DATA FOR THIS TASK:
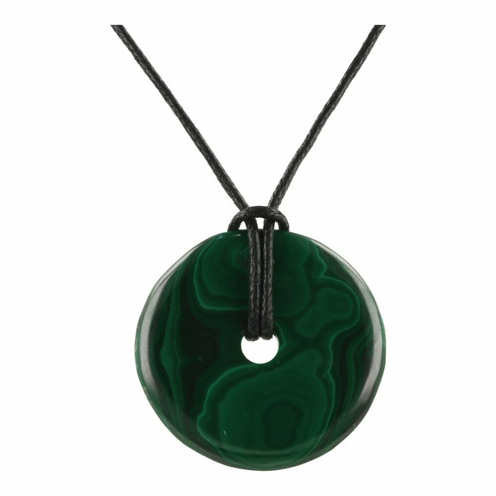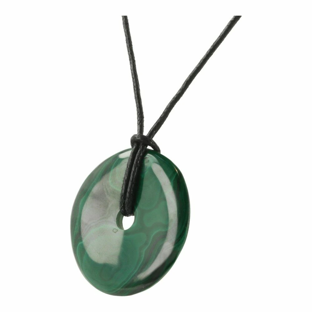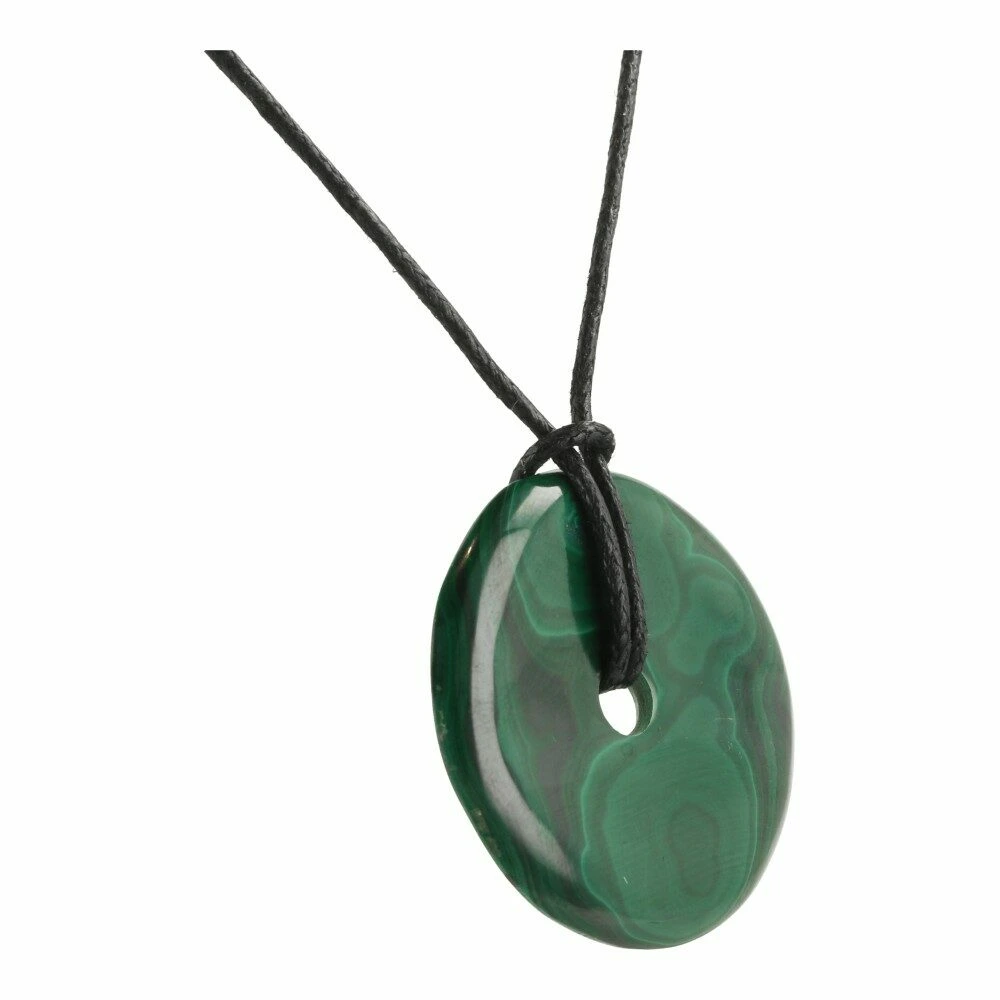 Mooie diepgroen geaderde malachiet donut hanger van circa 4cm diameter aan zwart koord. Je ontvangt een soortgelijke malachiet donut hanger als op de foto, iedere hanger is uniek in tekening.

* * *

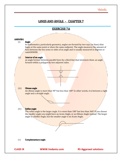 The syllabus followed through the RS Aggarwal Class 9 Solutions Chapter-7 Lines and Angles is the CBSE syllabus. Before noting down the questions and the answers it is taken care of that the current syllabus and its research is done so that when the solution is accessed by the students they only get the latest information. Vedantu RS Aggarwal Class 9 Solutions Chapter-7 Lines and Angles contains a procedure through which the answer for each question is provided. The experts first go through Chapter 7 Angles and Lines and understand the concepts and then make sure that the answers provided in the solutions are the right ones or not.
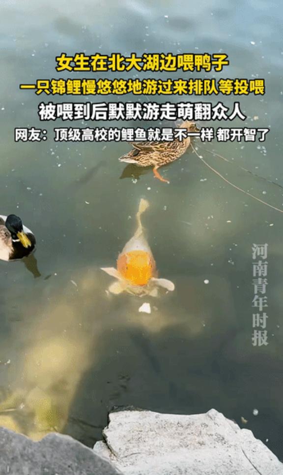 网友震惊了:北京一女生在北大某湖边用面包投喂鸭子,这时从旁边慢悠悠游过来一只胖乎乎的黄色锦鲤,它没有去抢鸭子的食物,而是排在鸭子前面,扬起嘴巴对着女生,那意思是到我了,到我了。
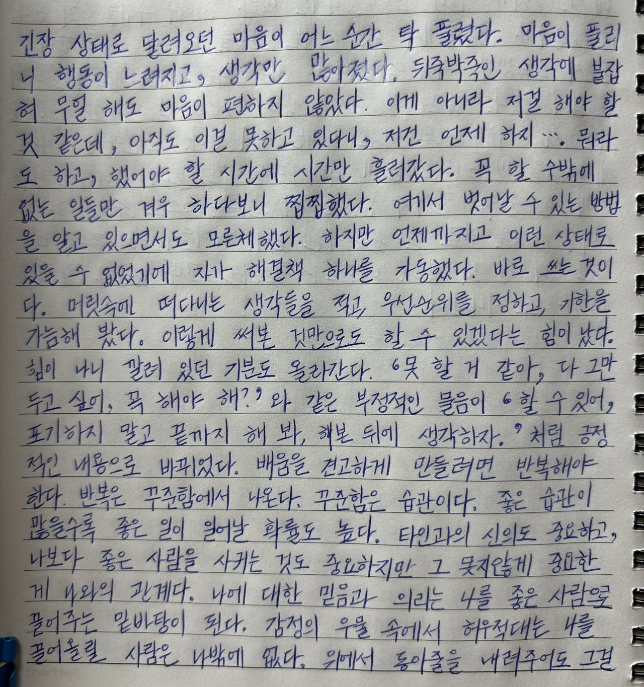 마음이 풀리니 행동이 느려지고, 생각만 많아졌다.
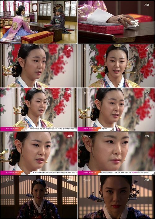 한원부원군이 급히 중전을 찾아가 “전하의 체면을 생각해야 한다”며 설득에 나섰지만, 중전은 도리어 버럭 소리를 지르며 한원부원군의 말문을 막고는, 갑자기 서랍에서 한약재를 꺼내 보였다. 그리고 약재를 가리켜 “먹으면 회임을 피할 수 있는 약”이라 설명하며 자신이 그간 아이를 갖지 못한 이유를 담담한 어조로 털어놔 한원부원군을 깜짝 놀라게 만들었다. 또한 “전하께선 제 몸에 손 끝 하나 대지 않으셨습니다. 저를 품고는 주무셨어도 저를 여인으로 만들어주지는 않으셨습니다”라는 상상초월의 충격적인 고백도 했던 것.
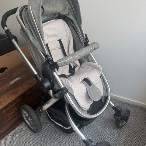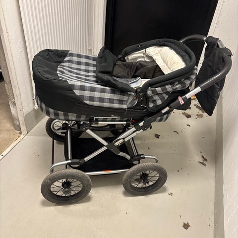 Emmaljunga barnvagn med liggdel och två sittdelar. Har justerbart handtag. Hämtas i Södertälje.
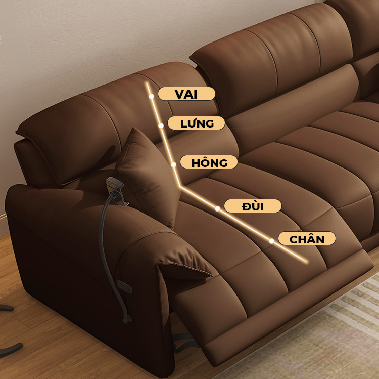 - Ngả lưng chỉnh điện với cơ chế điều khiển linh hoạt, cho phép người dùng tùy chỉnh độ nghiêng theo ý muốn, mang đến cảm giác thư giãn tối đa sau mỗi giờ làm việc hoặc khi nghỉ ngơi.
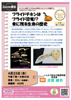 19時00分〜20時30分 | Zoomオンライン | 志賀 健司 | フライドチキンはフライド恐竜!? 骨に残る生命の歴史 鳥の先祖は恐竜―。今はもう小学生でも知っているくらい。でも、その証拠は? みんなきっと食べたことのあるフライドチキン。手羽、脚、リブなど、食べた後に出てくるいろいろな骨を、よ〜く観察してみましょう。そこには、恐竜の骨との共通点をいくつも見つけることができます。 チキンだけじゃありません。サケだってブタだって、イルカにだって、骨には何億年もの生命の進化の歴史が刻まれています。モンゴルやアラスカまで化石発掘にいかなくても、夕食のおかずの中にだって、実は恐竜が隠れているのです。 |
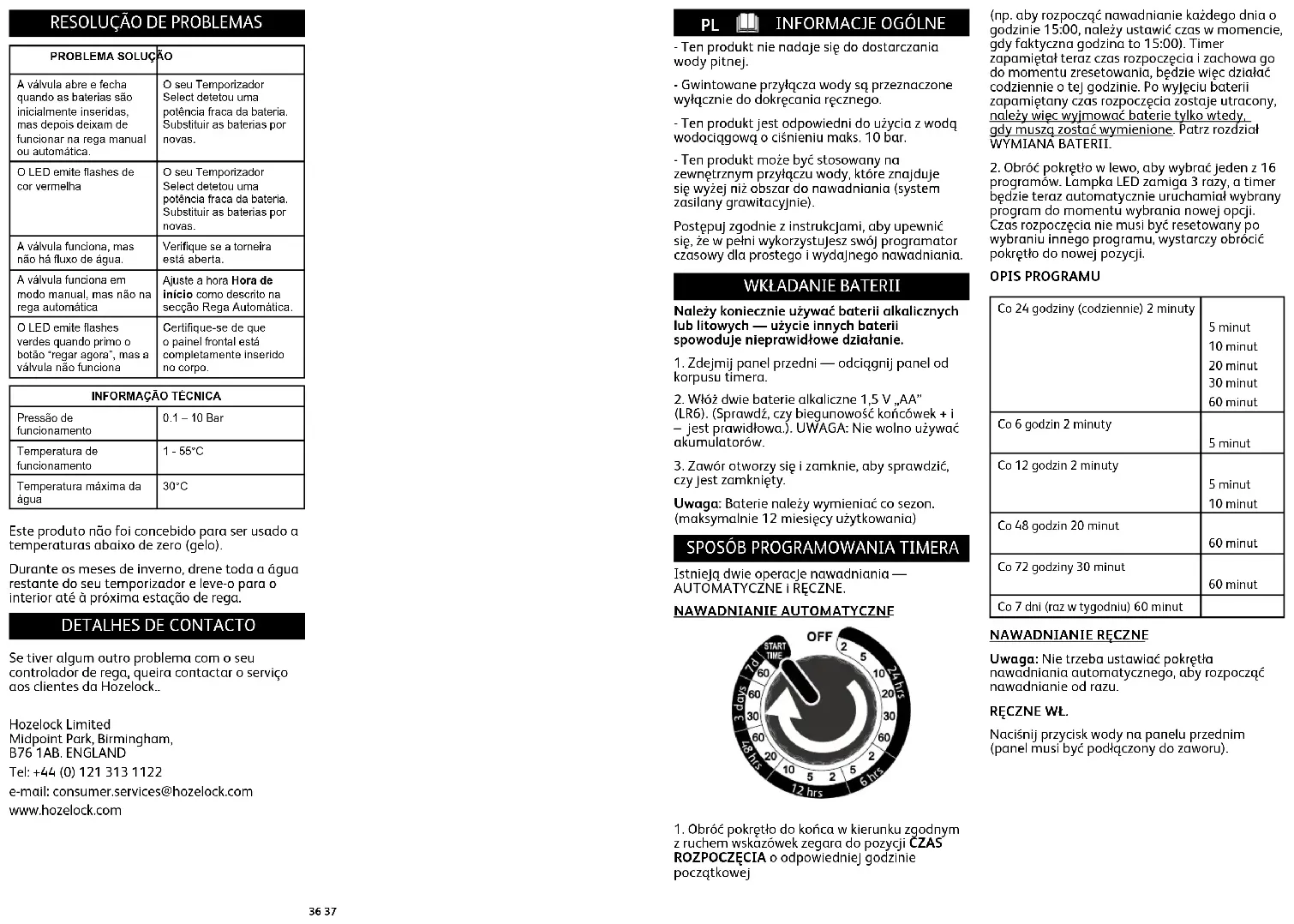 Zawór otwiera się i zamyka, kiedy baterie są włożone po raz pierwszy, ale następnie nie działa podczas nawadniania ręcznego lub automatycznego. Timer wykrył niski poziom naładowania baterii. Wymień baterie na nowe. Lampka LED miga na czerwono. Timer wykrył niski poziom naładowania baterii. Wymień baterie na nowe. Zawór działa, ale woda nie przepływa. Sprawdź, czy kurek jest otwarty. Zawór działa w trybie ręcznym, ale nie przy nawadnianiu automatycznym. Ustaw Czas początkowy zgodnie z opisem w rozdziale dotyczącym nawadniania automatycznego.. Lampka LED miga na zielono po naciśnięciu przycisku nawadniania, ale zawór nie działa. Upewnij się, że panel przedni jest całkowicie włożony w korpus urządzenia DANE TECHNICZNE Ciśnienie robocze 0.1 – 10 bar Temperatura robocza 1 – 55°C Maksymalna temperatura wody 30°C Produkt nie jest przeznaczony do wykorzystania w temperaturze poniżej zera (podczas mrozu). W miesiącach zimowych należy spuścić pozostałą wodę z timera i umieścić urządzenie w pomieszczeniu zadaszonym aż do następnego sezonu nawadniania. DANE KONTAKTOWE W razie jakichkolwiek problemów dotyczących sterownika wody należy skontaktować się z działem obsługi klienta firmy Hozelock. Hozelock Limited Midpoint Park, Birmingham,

--

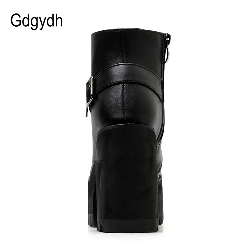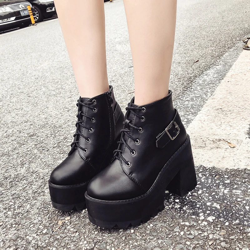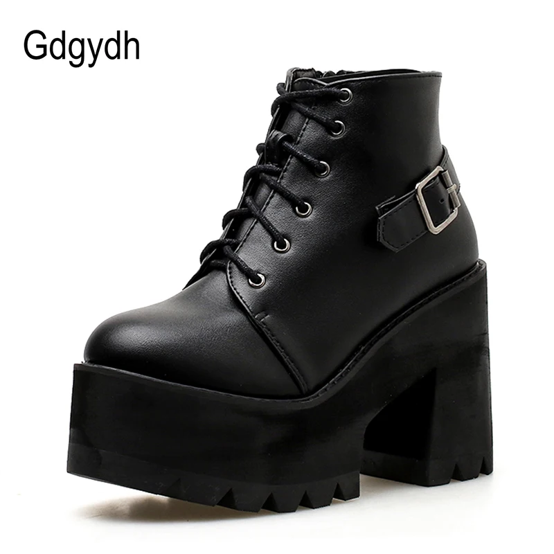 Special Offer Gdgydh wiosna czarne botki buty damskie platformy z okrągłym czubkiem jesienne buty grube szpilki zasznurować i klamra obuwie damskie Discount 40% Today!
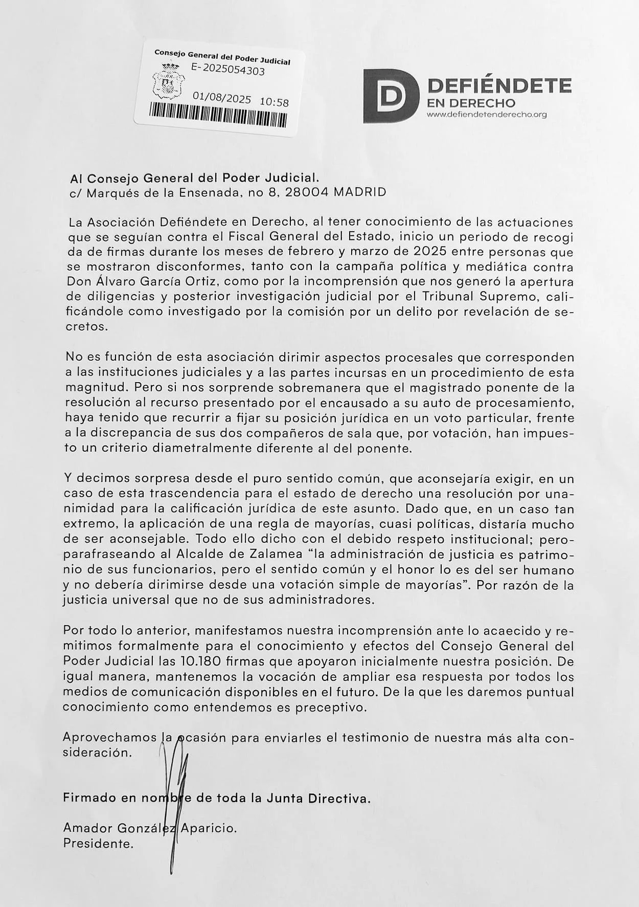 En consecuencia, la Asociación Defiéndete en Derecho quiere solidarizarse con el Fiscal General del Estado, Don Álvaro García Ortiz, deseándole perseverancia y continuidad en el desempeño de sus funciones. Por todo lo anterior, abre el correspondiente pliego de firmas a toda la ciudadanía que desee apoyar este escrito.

EXERCISE BRIEF:
Out of the records above, return only the lines from the one with "- Ngả lưng chỉnh" through the one with "19時00分〜20時30分 | Zoomオンライン", exactly, and none of the pictures.

TASK RESULT:
 - Ngả lưng chỉnh điện với cơ chế điều khiển linh hoạt, cho phép người dùng tùy chỉnh độ nghiêng theo ý muốn, mang đến cảm giác thư giãn tối đa sau mỗi giờ làm việc hoặc khi nghỉ ngơi.
 19時00分〜20時30分 | Zoomオンライン | 志賀 健司 | フライドチキンはフライド恐竜!? 骨に残る生命の歴史 鳥の先祖は恐竜―。今はもう小学生でも知っているくらい。でも、その証拠は? みんなきっと食べたことのあるフライドチキン。手羽、脚、リブなど、食べた後に出てくるいろいろな骨を、よ〜く観察してみましょう。そこには、恐竜の骨との共通点をいくつも見つけることができます。 チキンだけじゃありません。サケだってブタだって、イルカにだって、骨には何億年もの生命の進化の歴史が刻まれています。モンゴルやアラスカまで化石発掘にいかなくても、夕食のおかずの中にだって、実は恐竜が隠れているのです。 |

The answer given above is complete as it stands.